## Task brief
Below this task are records; return each one exactly and omit its images.

## Data extracts
+-------+

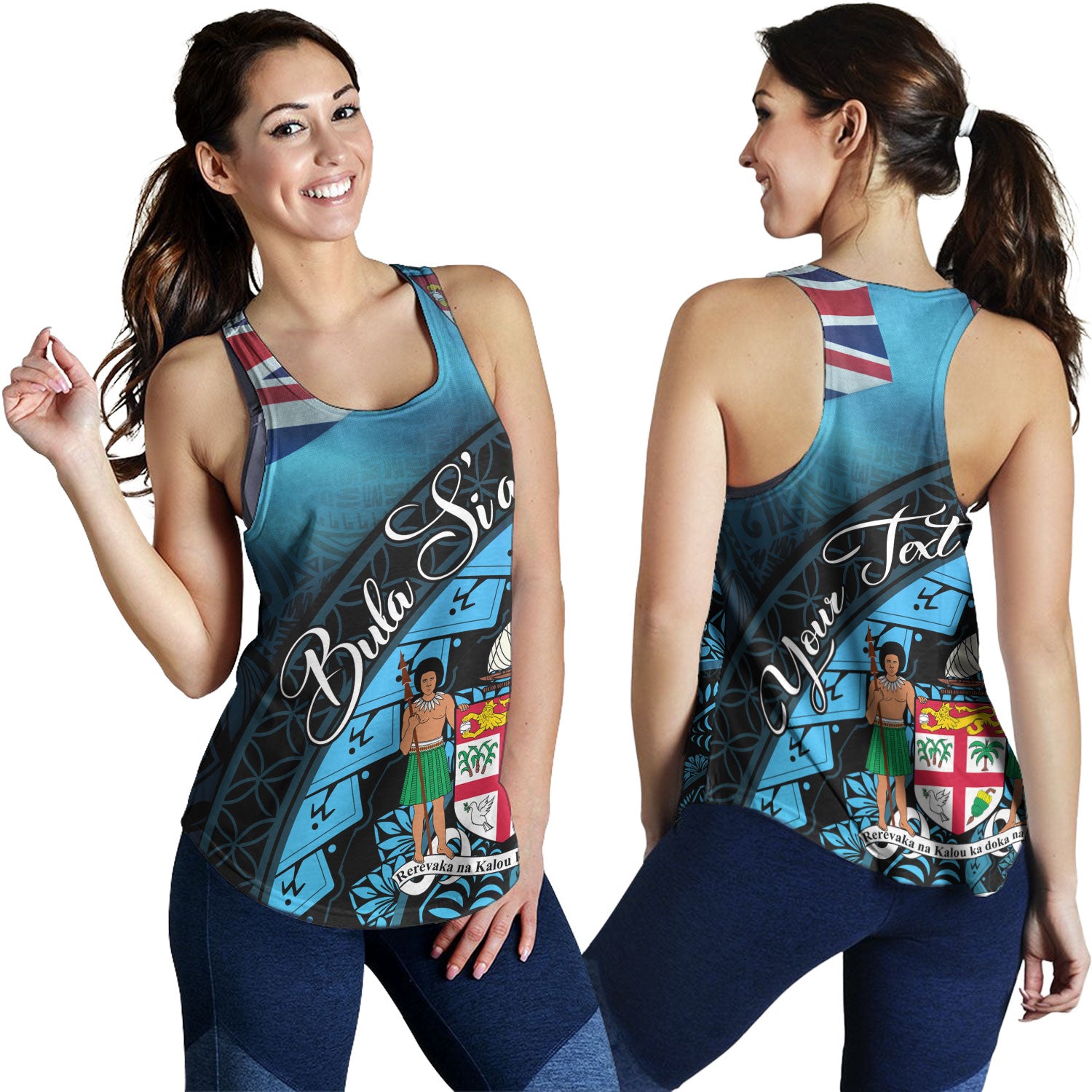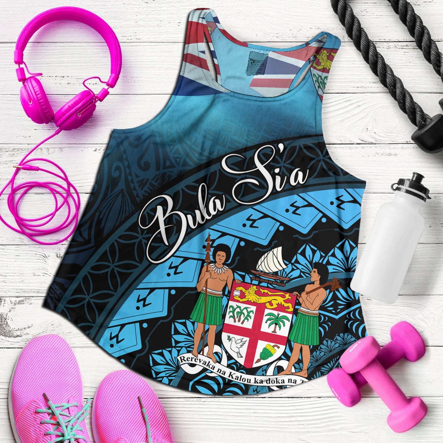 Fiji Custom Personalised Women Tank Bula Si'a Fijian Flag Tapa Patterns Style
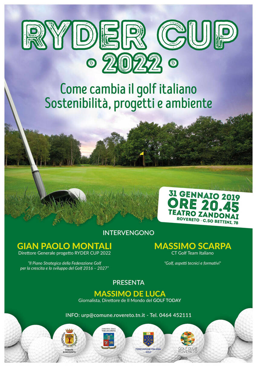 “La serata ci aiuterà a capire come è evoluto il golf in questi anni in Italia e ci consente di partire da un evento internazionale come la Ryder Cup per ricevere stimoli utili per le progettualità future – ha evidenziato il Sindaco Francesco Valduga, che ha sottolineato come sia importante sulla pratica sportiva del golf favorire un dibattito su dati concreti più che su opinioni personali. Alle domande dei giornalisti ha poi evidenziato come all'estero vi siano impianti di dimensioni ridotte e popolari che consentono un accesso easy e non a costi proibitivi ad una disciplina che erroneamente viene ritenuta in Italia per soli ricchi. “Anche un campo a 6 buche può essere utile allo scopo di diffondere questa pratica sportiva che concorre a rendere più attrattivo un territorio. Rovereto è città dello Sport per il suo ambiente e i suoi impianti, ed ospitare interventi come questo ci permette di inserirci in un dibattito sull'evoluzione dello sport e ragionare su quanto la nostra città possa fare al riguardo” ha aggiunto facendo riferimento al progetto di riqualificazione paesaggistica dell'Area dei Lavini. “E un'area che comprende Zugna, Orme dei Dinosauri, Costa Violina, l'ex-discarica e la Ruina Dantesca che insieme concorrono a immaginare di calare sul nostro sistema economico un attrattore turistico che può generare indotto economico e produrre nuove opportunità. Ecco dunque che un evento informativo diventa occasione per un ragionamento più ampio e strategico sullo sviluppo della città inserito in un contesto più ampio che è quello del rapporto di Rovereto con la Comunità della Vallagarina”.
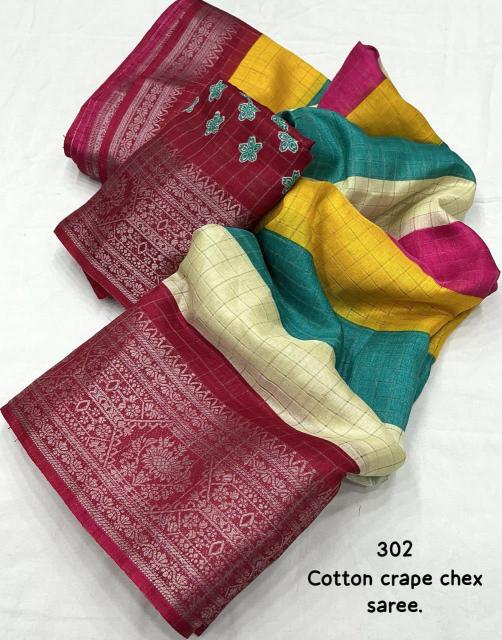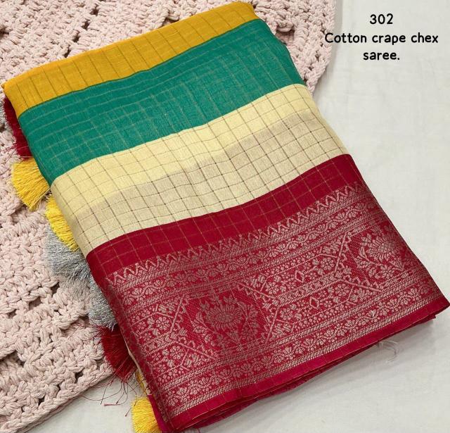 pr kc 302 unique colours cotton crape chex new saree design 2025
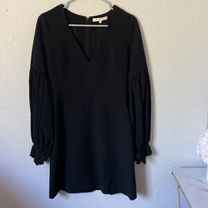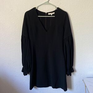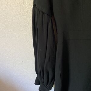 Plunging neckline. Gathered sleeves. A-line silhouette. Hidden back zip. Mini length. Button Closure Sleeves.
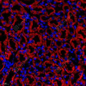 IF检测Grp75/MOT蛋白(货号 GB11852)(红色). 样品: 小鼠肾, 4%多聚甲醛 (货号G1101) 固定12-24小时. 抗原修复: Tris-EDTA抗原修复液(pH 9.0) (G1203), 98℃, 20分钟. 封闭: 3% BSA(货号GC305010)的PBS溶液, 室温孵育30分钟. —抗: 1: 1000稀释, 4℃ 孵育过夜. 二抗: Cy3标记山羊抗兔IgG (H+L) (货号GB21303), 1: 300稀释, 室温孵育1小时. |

+-------+

## Solution to the problem
 Fiji Custom Personalised Women Tank Bula Si'a Fijian Flag Tapa Patterns Style
 “La serata ci aiuterà a capire come è evoluto il golf in questi anni in Italia e ci consente di partire da un evento internazionale come la Ryder Cup per ricevere stimoli utili per le progettualità future – ha evidenziato il Sindaco Francesco Valduga, che ha sottolineato come sia importante sulla pratica sportiva del golf favorire un dibattito su dati concreti più che su opinioni personali. Alle domande dei giornalisti ha poi evidenziato come all'estero vi siano impianti di dimensioni ridotte e popolari che consentono un accesso easy e non a costi proibitivi ad una disciplina che erroneamente viene ritenuta in Italia per soli ricchi. “Anche un campo a 6 buche può essere utile allo scopo di diffondere questa pratica sportiva che concorre a rendere più attrattivo un territorio. Rovereto è città dello Sport per il suo ambiente e i suoi impianti, ed ospitare interventi come questo ci permette di inserirci in un dibattito sull'evoluzione dello sport e ragionare su quanto la nostra città possa fare al riguardo” ha aggiunto facendo riferimento al progetto di riqualificazione paesaggistica dell'Area dei Lavini. “E un'area che comprende Zugna, Orme dei Dinosauri, Costa Violina, l'ex-discarica e la Ruina Dantesca che insieme concorrono a immaginare di calare sul nostro sistema economico un attrattore turistico che può generare indotto economico e produrre nuove opportunità. Ecco dunque che un evento informativo diventa occasione per un ragionamento più ampio e strategico sullo sviluppo della città inserito in un contesto più ampio che è quello del rapporto di Rovereto con la Comunità della Vallagarina”.
 pr kc 302 unique colours cotton crape chex new saree design 2025
 Plunging neckline. Gathered sleeves. A-line silhouette. Hidden back zip. Mini length. Button Closure Sleeves.
 IF检测Grp75/MOT蛋白(货号 GB11852)(红色). 样品: 小鼠肾, 4%多聚甲醛 (货号G1101) 固定12-24小时. 抗原修复: Tris-EDTA抗原修复液(pH 9.0) (G1203), 98℃, 20分钟. 封闭: 3% BSA(货号GC305010)的PBS溶液, 室温孵育30分钟. —抗: 1: 1000稀释, 4℃ 孵育过夜. 二抗: Cy3标记山羊抗兔IgG (H+L) (货号GB21303), 1: 300稀释, 室温孵育1小时. |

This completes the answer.